• [Dataset content]
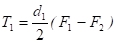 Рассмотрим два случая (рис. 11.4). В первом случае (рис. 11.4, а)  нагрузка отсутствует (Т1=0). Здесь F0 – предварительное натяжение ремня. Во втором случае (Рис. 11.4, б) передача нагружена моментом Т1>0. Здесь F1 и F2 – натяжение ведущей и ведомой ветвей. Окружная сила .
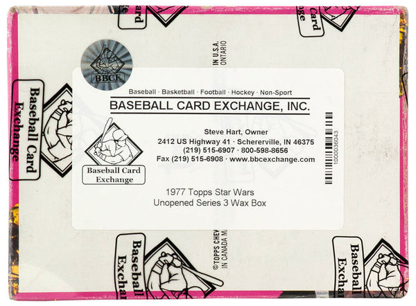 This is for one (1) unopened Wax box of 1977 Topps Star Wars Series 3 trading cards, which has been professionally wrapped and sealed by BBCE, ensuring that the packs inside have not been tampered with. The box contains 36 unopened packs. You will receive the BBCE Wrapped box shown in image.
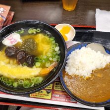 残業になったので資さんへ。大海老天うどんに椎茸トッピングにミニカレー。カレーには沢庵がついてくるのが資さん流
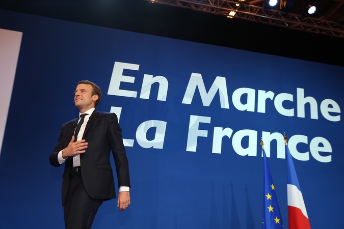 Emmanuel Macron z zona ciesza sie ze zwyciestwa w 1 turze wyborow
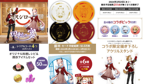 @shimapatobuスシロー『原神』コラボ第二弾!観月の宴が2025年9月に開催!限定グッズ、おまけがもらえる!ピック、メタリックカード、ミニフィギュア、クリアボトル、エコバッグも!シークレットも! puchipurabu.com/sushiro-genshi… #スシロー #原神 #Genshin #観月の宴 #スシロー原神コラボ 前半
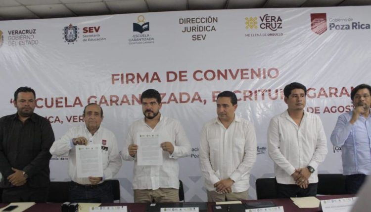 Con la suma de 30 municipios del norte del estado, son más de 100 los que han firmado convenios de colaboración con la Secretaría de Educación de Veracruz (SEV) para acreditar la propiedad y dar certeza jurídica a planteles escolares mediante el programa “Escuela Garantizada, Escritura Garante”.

---

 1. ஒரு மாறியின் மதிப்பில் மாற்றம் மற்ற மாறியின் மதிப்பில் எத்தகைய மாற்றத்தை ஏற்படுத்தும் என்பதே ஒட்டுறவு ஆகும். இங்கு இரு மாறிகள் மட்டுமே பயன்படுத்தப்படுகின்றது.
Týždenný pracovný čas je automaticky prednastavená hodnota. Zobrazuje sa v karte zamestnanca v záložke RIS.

---

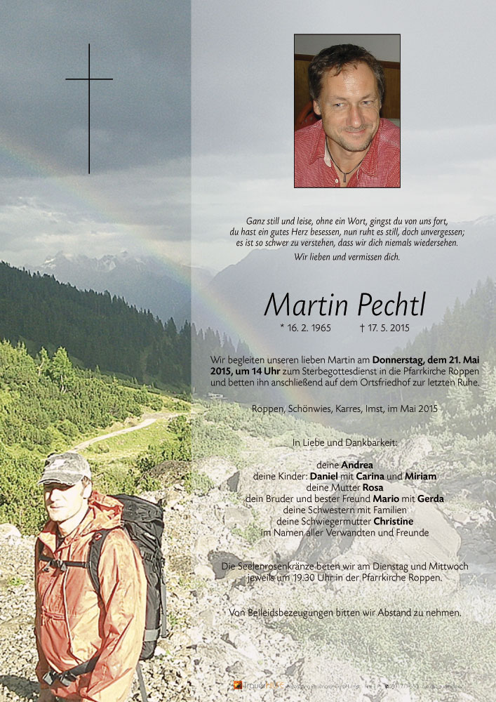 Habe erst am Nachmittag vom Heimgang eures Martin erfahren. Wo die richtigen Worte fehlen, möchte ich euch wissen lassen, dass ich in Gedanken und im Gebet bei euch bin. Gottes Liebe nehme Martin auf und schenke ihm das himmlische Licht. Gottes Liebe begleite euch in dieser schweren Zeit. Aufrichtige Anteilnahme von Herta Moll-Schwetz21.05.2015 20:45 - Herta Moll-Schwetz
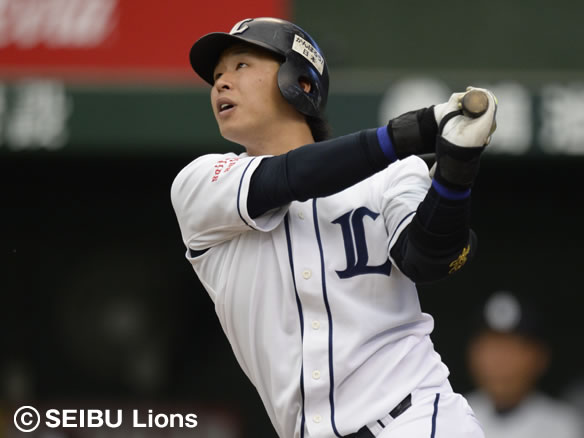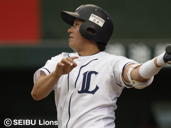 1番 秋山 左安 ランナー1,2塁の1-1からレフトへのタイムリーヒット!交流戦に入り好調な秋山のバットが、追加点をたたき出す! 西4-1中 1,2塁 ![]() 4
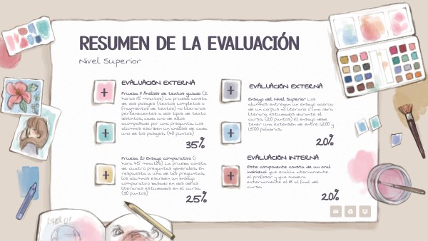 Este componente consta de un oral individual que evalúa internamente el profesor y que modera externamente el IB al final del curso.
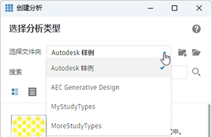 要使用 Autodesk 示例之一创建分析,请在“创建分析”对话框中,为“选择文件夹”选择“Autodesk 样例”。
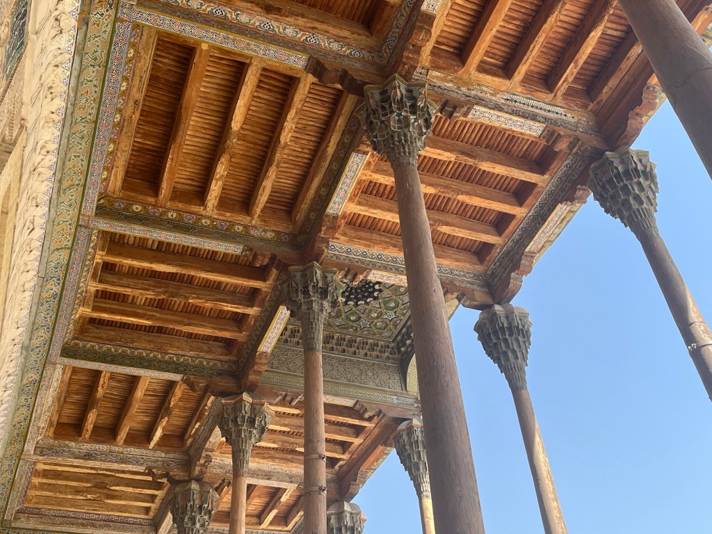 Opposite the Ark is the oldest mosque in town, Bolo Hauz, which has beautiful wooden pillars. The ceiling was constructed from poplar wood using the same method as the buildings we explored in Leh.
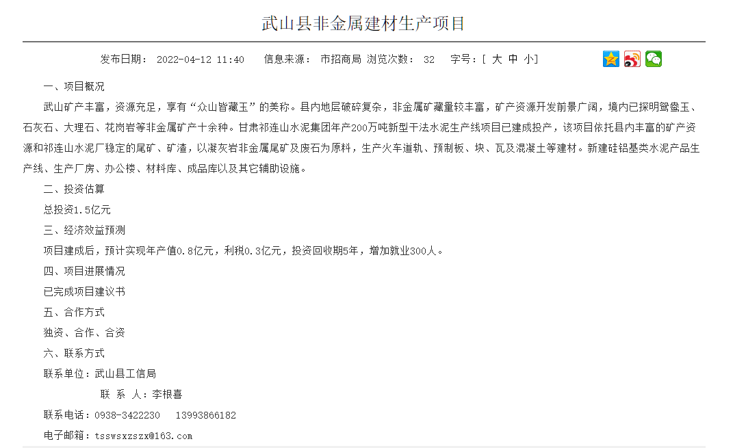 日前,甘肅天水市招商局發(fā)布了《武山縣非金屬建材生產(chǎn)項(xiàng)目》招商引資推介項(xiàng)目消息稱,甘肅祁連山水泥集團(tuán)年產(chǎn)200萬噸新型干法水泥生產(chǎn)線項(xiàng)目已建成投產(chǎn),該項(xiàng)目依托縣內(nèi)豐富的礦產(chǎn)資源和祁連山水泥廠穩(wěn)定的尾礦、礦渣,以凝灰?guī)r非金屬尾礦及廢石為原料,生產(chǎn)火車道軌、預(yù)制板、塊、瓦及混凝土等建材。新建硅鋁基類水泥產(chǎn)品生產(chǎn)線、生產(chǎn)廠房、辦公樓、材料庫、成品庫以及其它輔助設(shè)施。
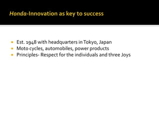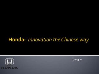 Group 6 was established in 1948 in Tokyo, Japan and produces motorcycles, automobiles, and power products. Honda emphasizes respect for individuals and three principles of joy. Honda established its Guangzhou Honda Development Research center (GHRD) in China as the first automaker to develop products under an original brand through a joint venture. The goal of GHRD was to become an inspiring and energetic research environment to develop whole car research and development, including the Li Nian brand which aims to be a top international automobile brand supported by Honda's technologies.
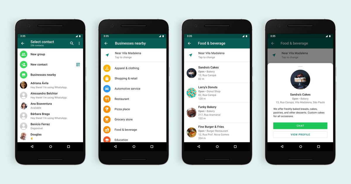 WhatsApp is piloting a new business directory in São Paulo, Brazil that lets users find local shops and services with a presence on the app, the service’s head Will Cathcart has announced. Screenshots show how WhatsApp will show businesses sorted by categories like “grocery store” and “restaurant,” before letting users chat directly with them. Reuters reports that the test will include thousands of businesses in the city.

• [What you need to do] Reproduce exactly the lines of the records above from the one with "1. ஒரு மாறியின்" to the one with "Týždenný pracovný čas", both included, and leave out everything else.

• [Answer space]
 1. ஒரு மாறியின் மதிப்பில் மாற்றம் மற்ற மாறியின் மதிப்பில் எத்தகைய மாற்றத்தை ஏற்படுத்தும் என்பதே ஒட்டுறவு ஆகும். இங்கு இரு மாறிகள் மட்டுமே பயன்படுத்தப்படுகின்றது.
Týždenný pracovný čas je automaticky prednastavená hodnota. Zobrazuje sa v karte zamestnanca v záložke RIS.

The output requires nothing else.